Source records
===
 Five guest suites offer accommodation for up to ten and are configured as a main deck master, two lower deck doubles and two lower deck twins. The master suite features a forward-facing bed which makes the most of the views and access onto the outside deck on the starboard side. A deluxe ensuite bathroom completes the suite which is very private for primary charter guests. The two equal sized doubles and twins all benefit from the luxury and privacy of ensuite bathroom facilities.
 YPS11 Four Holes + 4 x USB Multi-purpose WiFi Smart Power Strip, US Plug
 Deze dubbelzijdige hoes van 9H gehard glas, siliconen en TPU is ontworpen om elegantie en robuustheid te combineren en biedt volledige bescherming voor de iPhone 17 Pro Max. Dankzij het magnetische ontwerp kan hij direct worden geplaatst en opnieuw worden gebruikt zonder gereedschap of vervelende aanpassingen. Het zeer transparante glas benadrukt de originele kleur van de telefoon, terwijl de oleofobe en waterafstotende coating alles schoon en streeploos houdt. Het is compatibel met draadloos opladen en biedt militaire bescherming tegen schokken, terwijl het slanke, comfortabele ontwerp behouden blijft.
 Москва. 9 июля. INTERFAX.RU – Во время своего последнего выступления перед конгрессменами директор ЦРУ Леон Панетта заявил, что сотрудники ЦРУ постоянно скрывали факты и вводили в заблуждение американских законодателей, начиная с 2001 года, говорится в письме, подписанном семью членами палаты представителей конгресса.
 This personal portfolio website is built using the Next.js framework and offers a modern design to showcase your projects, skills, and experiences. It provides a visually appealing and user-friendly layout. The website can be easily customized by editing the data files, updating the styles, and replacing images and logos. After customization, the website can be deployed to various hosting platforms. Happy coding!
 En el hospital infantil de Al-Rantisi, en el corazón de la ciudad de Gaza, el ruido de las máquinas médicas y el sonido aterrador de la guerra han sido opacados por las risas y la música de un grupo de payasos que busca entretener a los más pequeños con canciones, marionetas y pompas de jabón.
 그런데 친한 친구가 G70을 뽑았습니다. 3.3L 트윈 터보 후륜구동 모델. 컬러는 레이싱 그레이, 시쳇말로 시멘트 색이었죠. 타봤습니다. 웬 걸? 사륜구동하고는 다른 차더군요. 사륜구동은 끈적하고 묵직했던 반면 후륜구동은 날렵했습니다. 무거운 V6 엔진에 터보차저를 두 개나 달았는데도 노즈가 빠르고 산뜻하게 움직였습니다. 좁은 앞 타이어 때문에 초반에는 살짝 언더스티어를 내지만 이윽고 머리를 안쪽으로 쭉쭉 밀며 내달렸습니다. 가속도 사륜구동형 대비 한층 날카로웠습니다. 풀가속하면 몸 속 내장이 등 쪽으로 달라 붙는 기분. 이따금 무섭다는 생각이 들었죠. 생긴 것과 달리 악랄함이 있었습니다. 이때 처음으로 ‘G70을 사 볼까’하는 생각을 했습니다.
===
- [TASK BRIEF]:
Exactly and without omission, set down every entry.

- [OUTPUT FOR THIS TASK]:
 Five guest suites offer accommodation for up to ten and are configured as a main deck master, two lower deck doubles and two lower deck twins. The master suite features a forward-facing bed which makes the most of the views and access onto the outside deck on the starboard side. A deluxe ensuite bathroom completes the suite which is very private for primary charter guests. The two equal sized doubles and twins all benefit from the luxury and privacy of ensuite bathroom facilities.
 YPS11 Four Holes + 4 x USB Multi-purpose WiFi Smart Power Strip, US Plug
 Deze dubbelzijdige hoes van 9H gehard glas, siliconen en TPU is ontworpen om elegantie en robuustheid te combineren en biedt volledige bescherming voor de iPhone 17 Pro Max. Dankzij het magnetische ontwerp kan hij direct worden geplaatst en opnieuw worden gebruikt zonder gereedschap of vervelende aanpassingen. Het zeer transparante glas benadrukt de originele kleur van de telefoon, terwijl de oleofobe en waterafstotende coating alles schoon en streeploos houdt. Het is compatibel met draadloos opladen en biedt militaire bescherming tegen schokken, terwijl het slanke, comfortabele ontwerp behouden blijft.
 Москва. 9 июля. INTERFAX.RU – Во время своего последнего выступления перед конгрессменами директор ЦРУ Леон Панетта заявил, что сотрудники ЦРУ постоянно скрывали факты и вводили в заблуждение американских законодателей, начиная с 2001 года, говорится в письме, подписанном семью членами палаты представителей конгресса.
 This personal portfolio website is built using the Next.js framework and offers a modern design to showcase your projects, skills, and experiences. It provides a visually appealing and user-friendly layout. The website can be easily customized by editing the data files, updating the styles, and replacing images and logos. After customization, the website can be deployed to various hosting platforms. Happy coding!
 En el hospital infantil de Al-Rantisi, en el corazón de la ciudad de Gaza, el ruido de las máquinas médicas y el sonido aterrador de la guerra han sido opacados por las risas y la música de un grupo de payasos que busca entretener a los más pequeños con canciones, marionetas y pompas de jabón.
 그런데 친한 친구가 G70을 뽑았습니다. 3.3L 트윈 터보 후륜구동 모델. 컬러는 레이싱 그레이, 시쳇말로 시멘트 색이었죠. 타봤습니다. 웬 걸? 사륜구동하고는 다른 차더군요. 사륜구동은 끈적하고 묵직했던 반면 후륜구동은 날렵했습니다. 무거운 V6 엔진에 터보차저를 두 개나 달았는데도 노즈가 빠르고 산뜻하게 움직였습니다. 좁은 앞 타이어 때문에 초반에는 살짝 언더스티어를 내지만 이윽고 머리를 안쪽으로 쭉쭉 밀며 내달렸습니다. 가속도 사륜구동형 대비 한층 날카로웠습니다. 풀가속하면 몸 속 내장이 등 쪽으로 달라 붙는 기분. 이따금 무섭다는 생각이 들었죠. 생긴 것과 달리 악랄함이 있었습니다. 이때 처음으로 ‘G70을 사 볼까’하는 생각을 했습니다.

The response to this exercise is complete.